After excluding those with missing data on margin or survival status, 20,762 patients were eligible for matching. Each matched group had 1,265 patients, similar in age, sex, race, CCI, tumor size, histology, and grade. There were 386 recorded all-cause mortalities over a median follow-up duration of 72.6 months. Cox multiple regression showed a higher risk of all-cause mortality among cases with PSM (HR: 1.393, P = 0.001). Old age, high CCI, and large tumors had higher risks, while papillary and chromophore histologic subtypes had lower risks. PSM was associated with significantly worse OS by log-rank, Breslow, and Tarone-Ware tests.

CONCLUSION

PSM is associated with significantly worse OS after PN.

摘要

引言

在部分肾切除术(PN)中,阳性手术切缘(PSM)的影响一直存在争议。以往关于PSM与总生存期(OS)关系的研究要么样本量不足,要么分组差异很大。我们利用国家癌症数据库并采用倾向评分匹配法来确定PN术后PSM与OS之间的关联。

材料与方法

我们纳入了2004年至2009年间接受PN治疗的T1/T2 N0M0肾癌患者,并根据切缘状态将他们分为两组。我们使用倾向评分匹配法以确保两组在年龄、合并症评分(CCI)、肿瘤大小、组织学类型和分级方面相似。通过χ检验比较协变量。采用Cox多元回归估计全因死亡率的风险比(HR)。
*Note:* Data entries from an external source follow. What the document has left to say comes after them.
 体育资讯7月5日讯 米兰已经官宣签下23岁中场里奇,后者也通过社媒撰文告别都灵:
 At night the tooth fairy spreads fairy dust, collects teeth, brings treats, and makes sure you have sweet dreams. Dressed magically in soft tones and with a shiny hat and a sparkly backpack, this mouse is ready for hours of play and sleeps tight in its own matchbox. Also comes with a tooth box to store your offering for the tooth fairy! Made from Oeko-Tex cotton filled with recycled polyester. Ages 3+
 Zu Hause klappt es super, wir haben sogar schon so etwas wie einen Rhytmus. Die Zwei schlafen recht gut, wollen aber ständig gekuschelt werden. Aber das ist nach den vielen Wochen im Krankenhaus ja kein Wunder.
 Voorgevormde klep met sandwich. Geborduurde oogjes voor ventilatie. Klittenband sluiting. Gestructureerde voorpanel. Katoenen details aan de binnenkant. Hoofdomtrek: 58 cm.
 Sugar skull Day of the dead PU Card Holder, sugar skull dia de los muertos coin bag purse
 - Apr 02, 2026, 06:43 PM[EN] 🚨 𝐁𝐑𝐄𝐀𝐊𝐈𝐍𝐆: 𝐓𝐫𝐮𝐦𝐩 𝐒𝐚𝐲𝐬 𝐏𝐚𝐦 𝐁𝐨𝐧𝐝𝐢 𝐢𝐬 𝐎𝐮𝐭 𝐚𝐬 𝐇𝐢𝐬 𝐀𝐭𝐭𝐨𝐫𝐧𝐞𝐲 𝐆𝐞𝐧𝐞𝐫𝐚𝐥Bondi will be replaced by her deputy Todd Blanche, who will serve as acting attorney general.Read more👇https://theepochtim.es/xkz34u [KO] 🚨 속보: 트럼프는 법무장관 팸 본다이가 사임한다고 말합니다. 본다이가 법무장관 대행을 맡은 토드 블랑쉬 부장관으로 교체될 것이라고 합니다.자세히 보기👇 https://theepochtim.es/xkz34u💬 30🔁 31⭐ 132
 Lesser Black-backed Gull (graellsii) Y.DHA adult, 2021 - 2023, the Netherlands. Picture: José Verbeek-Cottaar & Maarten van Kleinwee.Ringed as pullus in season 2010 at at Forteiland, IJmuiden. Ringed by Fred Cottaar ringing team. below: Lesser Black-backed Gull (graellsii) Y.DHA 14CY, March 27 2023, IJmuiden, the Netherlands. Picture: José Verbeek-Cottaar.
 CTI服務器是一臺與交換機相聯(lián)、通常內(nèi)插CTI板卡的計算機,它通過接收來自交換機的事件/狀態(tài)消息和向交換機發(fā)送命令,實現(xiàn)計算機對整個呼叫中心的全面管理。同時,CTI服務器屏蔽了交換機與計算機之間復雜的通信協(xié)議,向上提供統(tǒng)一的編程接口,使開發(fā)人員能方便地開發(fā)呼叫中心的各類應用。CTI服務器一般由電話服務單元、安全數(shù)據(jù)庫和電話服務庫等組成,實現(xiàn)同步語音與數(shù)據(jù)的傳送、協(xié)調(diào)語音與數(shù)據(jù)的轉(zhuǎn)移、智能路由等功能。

通过对数秩检验、Breslow检验和Tarone-Ware检验比较匹配组之间的OS。

结果

在排除切缘或生存状态数据缺失的患者后,20762例患者符合匹配条件。每个匹配组有1265例患者,在年龄、性别、种族、CCI、肿瘤大小、组织学类型和分级方面相似。在中位随访时间72.6个月期间,共记录了386例全因死亡病例。Cox多元回归显示,PSM患者的全因死亡风险更高(HR:1.393,P = 0.001)。老年、CCI高和肿瘤大的患者风险更高,而乳头状和嗜色细胞组织学亚型的风险较低。通过对数秩检验、Breslow检验和Tarone-Ware检验,PSM与显著更差的OS相关。

结论

PN术后PSM与显著更差的OS相关。